Finding All Bounded-Length Simple Cycles in a Directed Graph -- Revisited

TL;DR

This paper critically examines a 2021 algorithm for enumerating bounded-length cycles in directed graphs, identifies logical gaps, and proposes a corrected version that maintains computational efficiency.

Contribution

It provides concrete counterexamples to the original algorithm, analyzes the flaws, and introduces a corrected formulation that preserves its computational complexity.

Findings

Original algorithm fails to enumerate some valid cycles.

Logical gaps identified in the original proofs.

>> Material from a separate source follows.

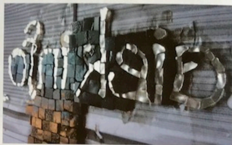
Werk in uitvoering

hypothekeren en een behoorlijk eindresultaat in de weg staan. Zeker op langere termijn.”

Corrected algorithm maintains $O((c + 1) imes k imes (n + e))$ complexity.

Abstract

In 2021, Gupta and Suzumura proposed a novel algorithm for enumerating all bounded-length simple cycles in directed graphs. In this work, we present concrete examples demonstrating that the proposed algorithm fails to enumerate certain valid cycles. Via these examples, we perform a detailed analysis pinpointing the specific points at which the proofs exhibit logical gaps. Furthermore, we propose a corrected formulation that resolves these issues while preserving the desirable property that the algorithm's computational complexity remains $O((c + 1) \cdot k \cdot (n + e))$ where $c$ is the number of simple cycles of a specified maximum length $k$, and $n$ and $e$ the number of graph nodes and edges respectively.